Сократ заметил это и сказал:

– У глобального человека умопостигаемые пифагоровы штаны хотя и облегают тело, но сквозь них ничто не просвечивает. А сквозь дыры твоего рваного плаща, Антисфен, я вижу тщеславие.

– Это он так вырядился, чтобы завлекать блудниц, – сказал Алкивиад.

Антисфен тут же вспылил:

– Я предпочел бы безумие наслаждению! А если бы мне попалась сама Афродита, то я пронзил бы ее стрелой, потому что она погубила много наших прекрасных и достойнейших женщин. А любовь – это порок природы. Несчастные, попав под ее власть, называют болезнь божеством. Но этим только доказывается, что невежественные люди из-за незнания подчиняются наслаждению, которое не следует допускать, хотя оно зовется божеством и дано богами только для потребностей продолжения рода. А сходиться следует только с такими женщинами, которые вам будут за это благодарны.

– Да они тут все будут тебе благодарны, заплати только побольше! – захохотал Алкивиад.

– Платить-то ему и нечем, – заметил Критий. – Кроме того, этот мудрец чурается любви, как бес ладана.

– Мудрец не должен чуждаться любви, – разъяснил свою противоречивую позицию Антисфен, – ибо только он знает, кто достоин ее. А жениться следует для продолжения рода, сходясь для этого с самыми прекрасными женщинами.

– То-то поговаривают, что у твоего отца жена была алтайка! – залился хохотом Алкивиад.

– Да и вы, сибирские афиняне, гордящиеся чистотой крови, ничуть не родовитее улиток и кузнечиков.

Тут все, кроме Крития, снова рассмеялись. А потом Сократ сказал:

– От чистокровных сибирских афинян никогда бы не родился столь доблестный муж, как Антисфен. Да и девушку в жены мы ему подыщем достойную. Ведь, друзья, мои, женская природа ни в чем не уступает мужской, но она нуждается в знаниях и в силе. Поэтому, у кого есть жена, пусть смело учит ее тому, чему бы он хотел научиться сам.

– Как же ты, Сократ, – сказал Антисфен, – придерживаясь такого мнения, не воспитываешь Ксантиппу, а живешь с женщиной самой несносной, как я думаю, из всех, которые есть, были и будут? Может, мне сосватать другую женщину тебе в жены?

– Да ты, Антисфен, видать, хороший сводник! – сказал Сократ, уклоняясь от разговора о Ксантиппе. – Это сложное и хорошее искусство.

Антисфен тут же надулся обидой, но не отставал от нас.

– А что ты, Сократ, можешь сказать, – спросил Алкивиад, – почему это Антисфен вправе гордиться таким бесславным искусством, которое ты назвал?

– Хорошо. Уговоримся сперва, – сказал Сократ, – в чем состоит дело сводника. На все мои вопросы отвечайте без замедления, чтобы нам знать все, в чем придем к соглашению. Согласны?

– Конечно, – ответили все, и даже я – мысленно.

– Итак, – начал Сократ, – задача сводника – сделать так, чтобы тот или та, кого он сводит, нравился тем, с кем он будет иметь дело, не правда ли?

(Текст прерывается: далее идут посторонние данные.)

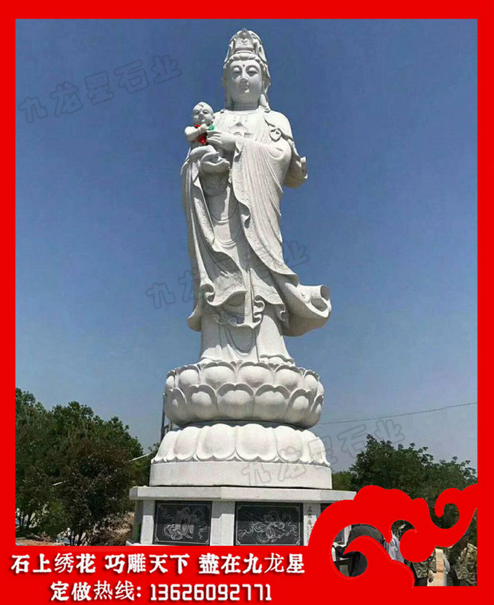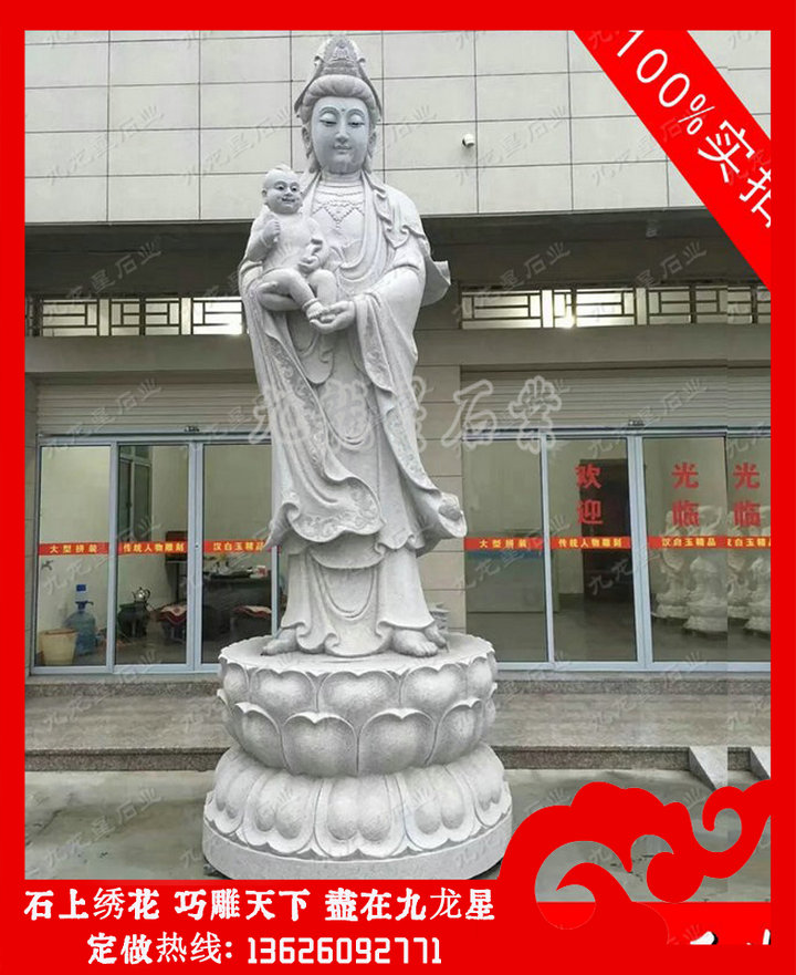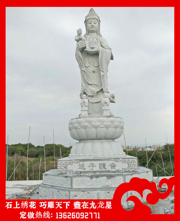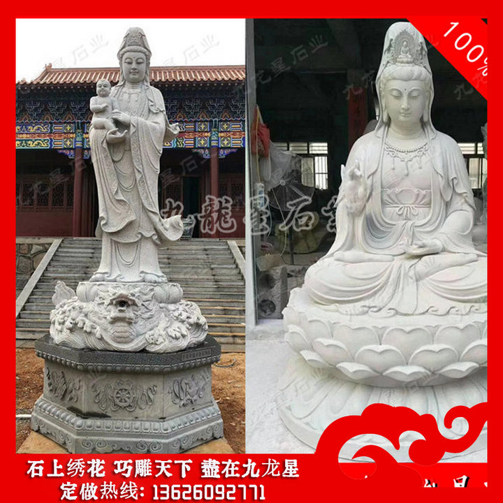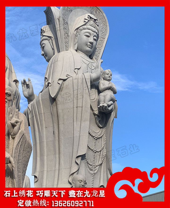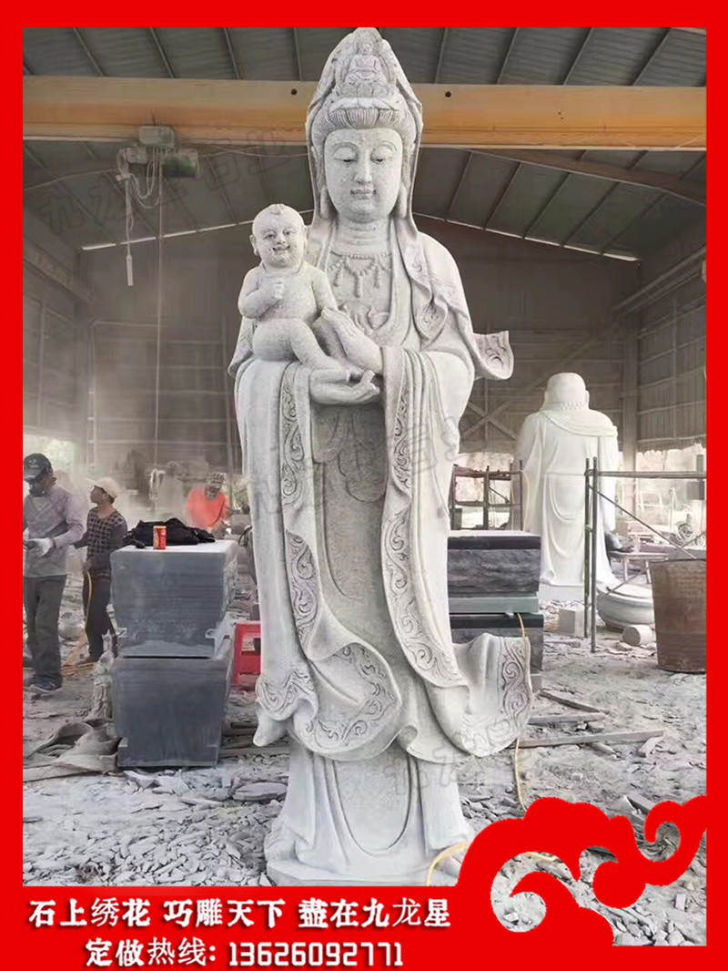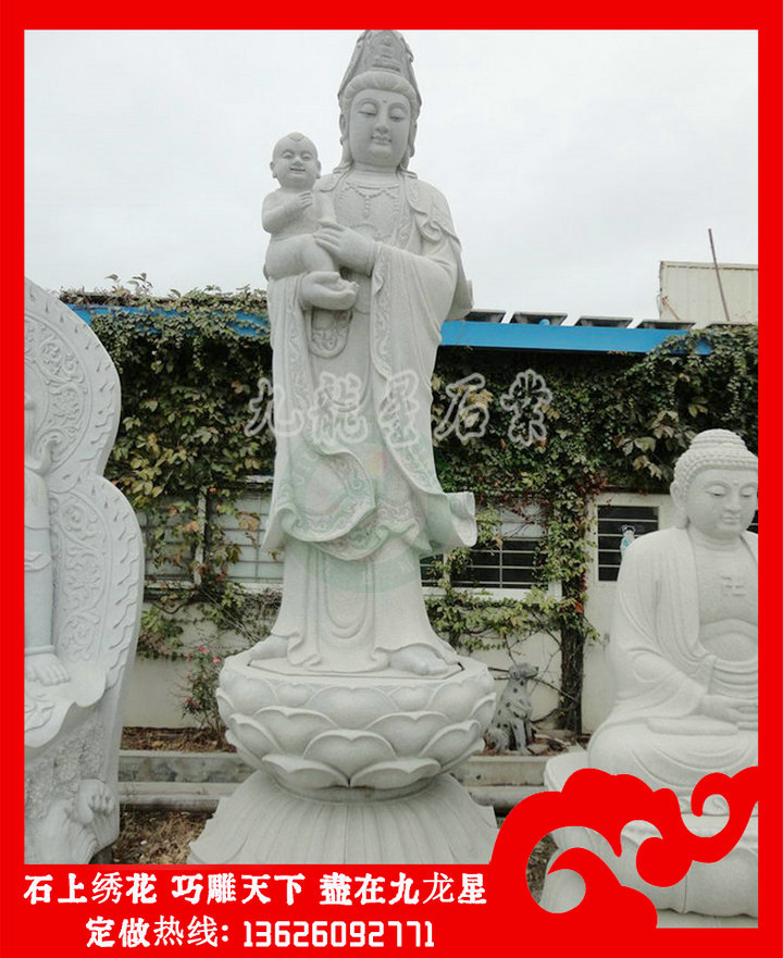 送子觀音石雕像的圖片造型有很多,我們常見(jiàn)的有以下幾種:雙手抱著一個(gè)小孩的,這種送子觀音石雕像針對(duì)的是膝下無(wú)子女的這類(lèi)人,一般這個(gè)小孩看不出是男是女。還有一種就是可以看出來(lái)是男的,這種就是滿(mǎn)足膝下無(wú)子的一種形態(tài)。雙手各抱一個(gè)的送子觀音石雕像,這樣的是一種對(duì)多子多福的一種期盼。這樣的形態(tài)就是希望生雙胞胎或者更多的子女的,其實(shí)更多子女最好的表現(xiàn)手法是后面還跟著金童玉女,這樣就更好了。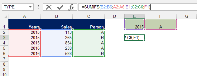 =SUMIFS(B2:B6,A2:A6,E1,C2:C6,F1)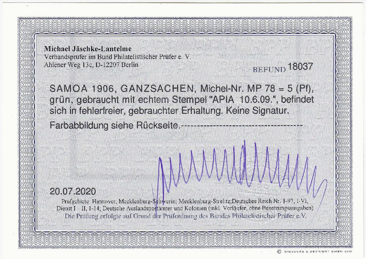 | Prüfer: | Jäschke-Lantelme, Michael (BPP (Bund Philatelistischer Prüfer)) |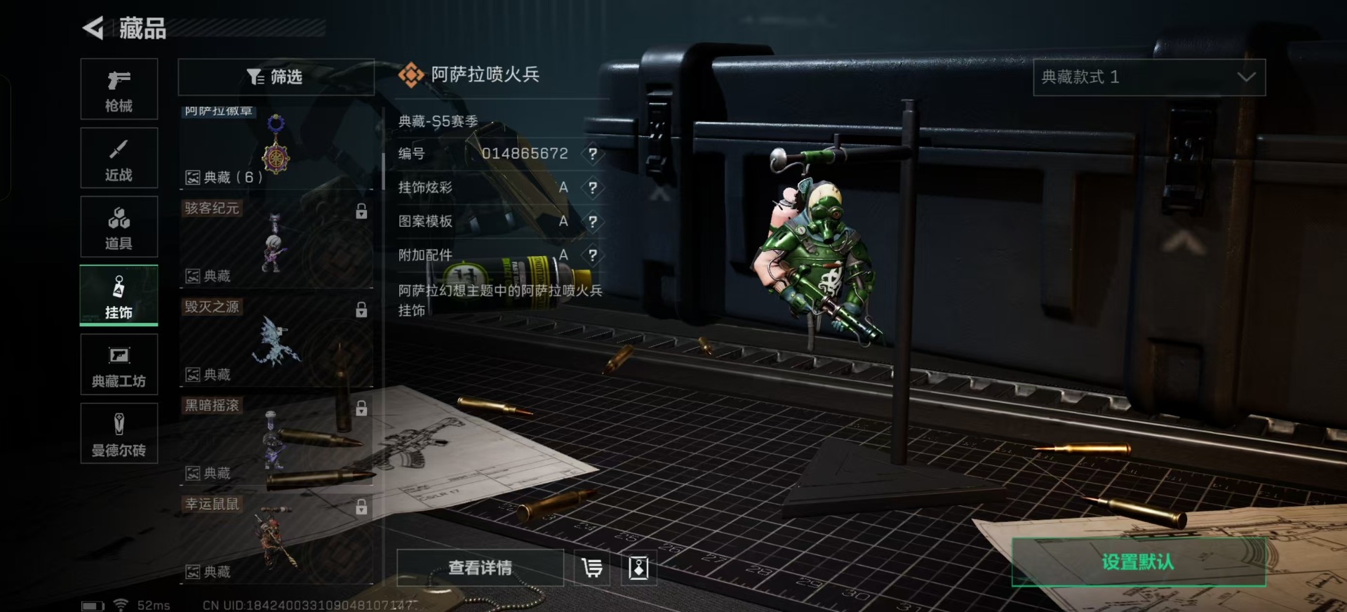 [11689320]总资产:47.6M 11传说枪械 哈夫币:30.362K 高级安全箱(9.16到期) 可二次 可修改实名 烽火地带段位:钻石 全面战场段位:尉官 传说武器皮肤:UZI冲锋枪-特斯拉线圈,AWM狙击步枪-捞点薯条,腾龙突击步枪-捞点薯条,93R-捞点薯条,AK-12突击步枪-特斯拉线圈,SR-3M紧凑突击步枪-特斯拉线圈,勇士冲锋枪-能天使-午夜邮差,复合弓-黑-天际线,725双管霰弹枪-送葬人-无题密令,M4A1突击步枪-阿米娅,CAR-15突击步枪-阿米娅 史诗武器皮肤:QJB201轻机枪-Old Habits,MP5冲锋枪-深海恐惧,SG552突击步枪-深海恐惧,M16A4突击步枪-竞赛选手,SV-98狙击步枪-林中猎手,SV-98狙击步枪-囚徒,SCAR-H战斗步枪-囚徒,腾龙突击步枪-无垢,PSG-1射手步枪-无垢,SVD狙击步枪-荒野求生,PKM通用机枪-荒野求生,P90冲锋枪-紧急戒备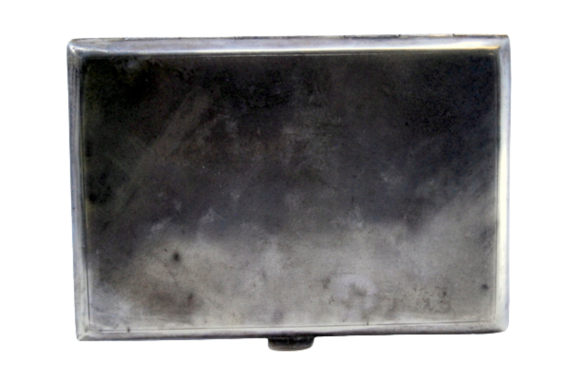 Cigarreira em prata foscada com linhas geométricas na tampa basculante.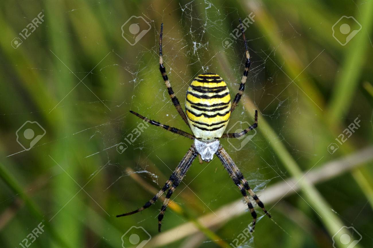 Schone Gelbe Schwarze Gestreifte Spinne Im Netz Lizenzfreie Fotos Bilder Und Stock Fotografie Image 36317495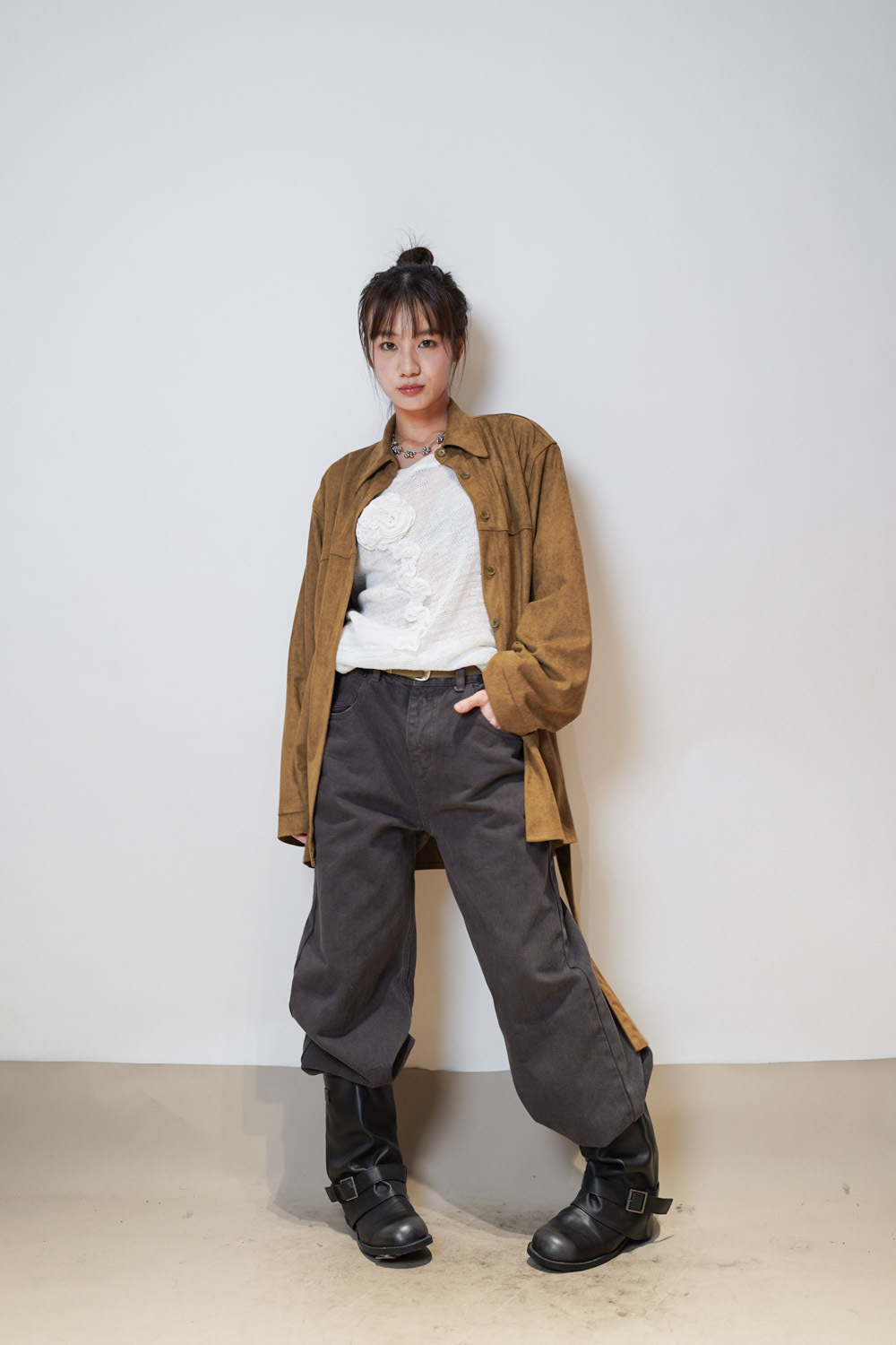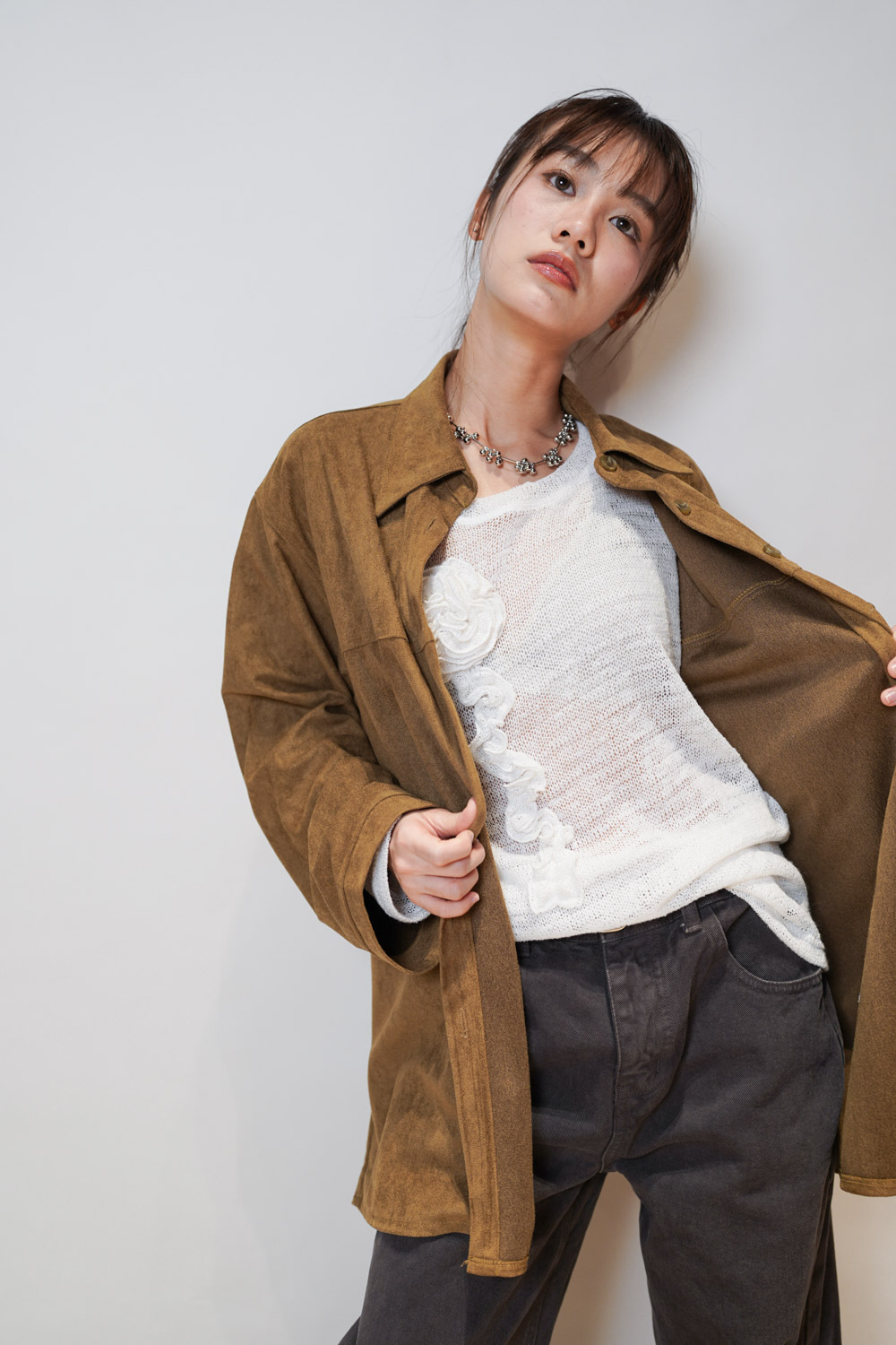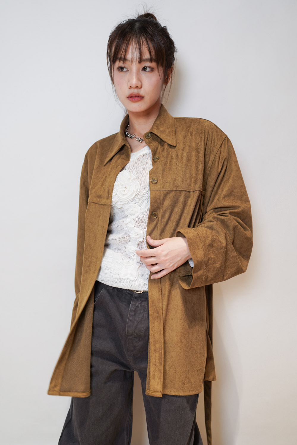 落肩設計 更有隨性帥氣感 /長款設計 營造紙片人效果/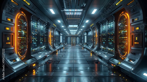 © Heni, Fototapeta premium Futuristic Server Room: A Glimpse into the Heart of Technology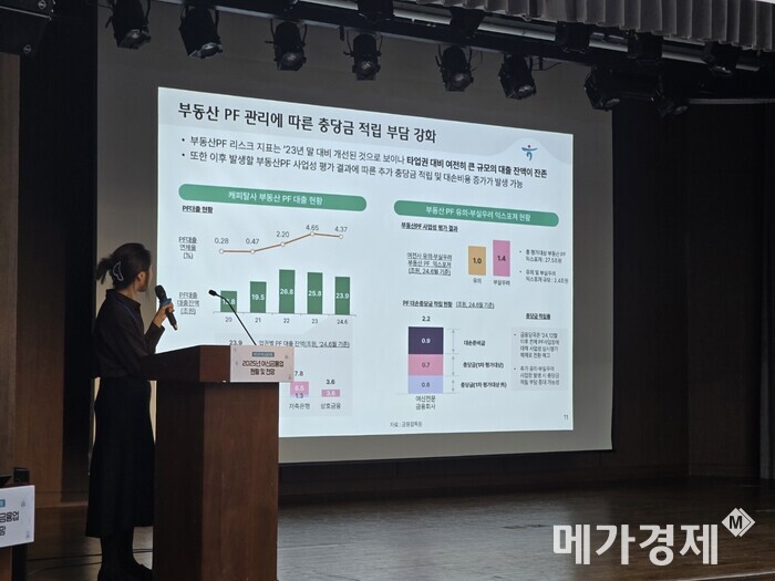 | ▲정윤영 하나금융연구소 수석연구원이 '2025년 캐피탈업 주요 전망 및 이슈' 발표를 진행하고 있다. [사진= 메가경제] |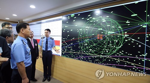 | △ 우주정보 상황실 개관 (계룡=연합뉴스) 양영석 기자 = 공군이 8일 충남 계룡대에 있는 공군연구단 건물에 우주정보상황실을 개관했다. 이날 개관식을 찾은 최차규 참모총장과 국내 우주 관련 기관 관계자들이 상황실 시설과 운영 시스템에 대해 설명듣고 있다. 2015.7.8 youngs@yna.co.kr |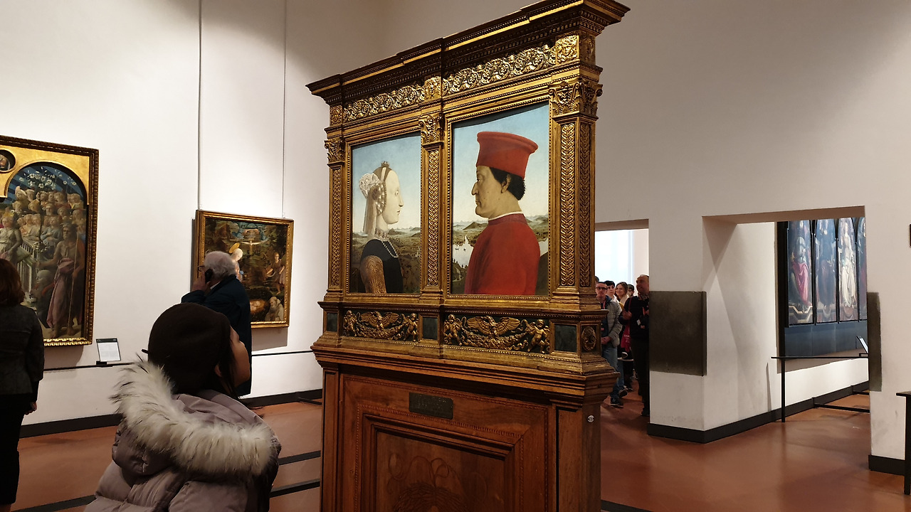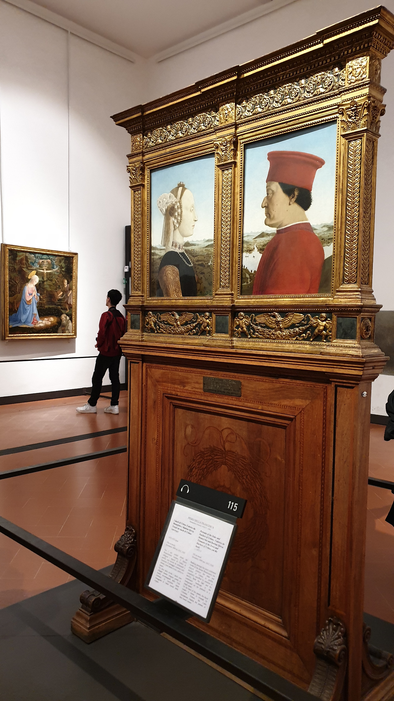 우르비노의 공작 부부의 옆모습을 그린 작품인 <우르비노의 초상화>는 24살 차이가 나는 부부가 11년간의 결혼 생활 중 7명의 자녀를 낳을 정도로 사랑하는 사이였으나 작가가 작품을 하는 사이에 부인이 사망하여 시신을 덮은 마스크를 보고 그림을 그렸다는 이야기를 알고 나니 부부의 애절한 영혼이 마주 볼 수 있도록 배치한 것 같아 마음이 시린 작품이었다.

– Конечно, – был общий ответ.

– Одно из средств нравиться не состоит ли в том, чтобы иметь идущий к лицу фасон прически и одежды?

– Конечно, – снова был общий ответ.

– Не знаем ли мы и того, что человек может одними и теми же глазами смотреть на кого-нибудь дружелюбно и враждебно?

– Конечно.

– А что? Не бывает ли так, что одни речи возбуждают вражду, другие ведут к дружбе?

– Конечно.

– Хороший сводник не будет ли из всего этого учить тому, что помогает нравиться?

– Конечно.

– А какой сводник лучше, – который может делать так, чтобы его клиенты нравились одному, или который – многим?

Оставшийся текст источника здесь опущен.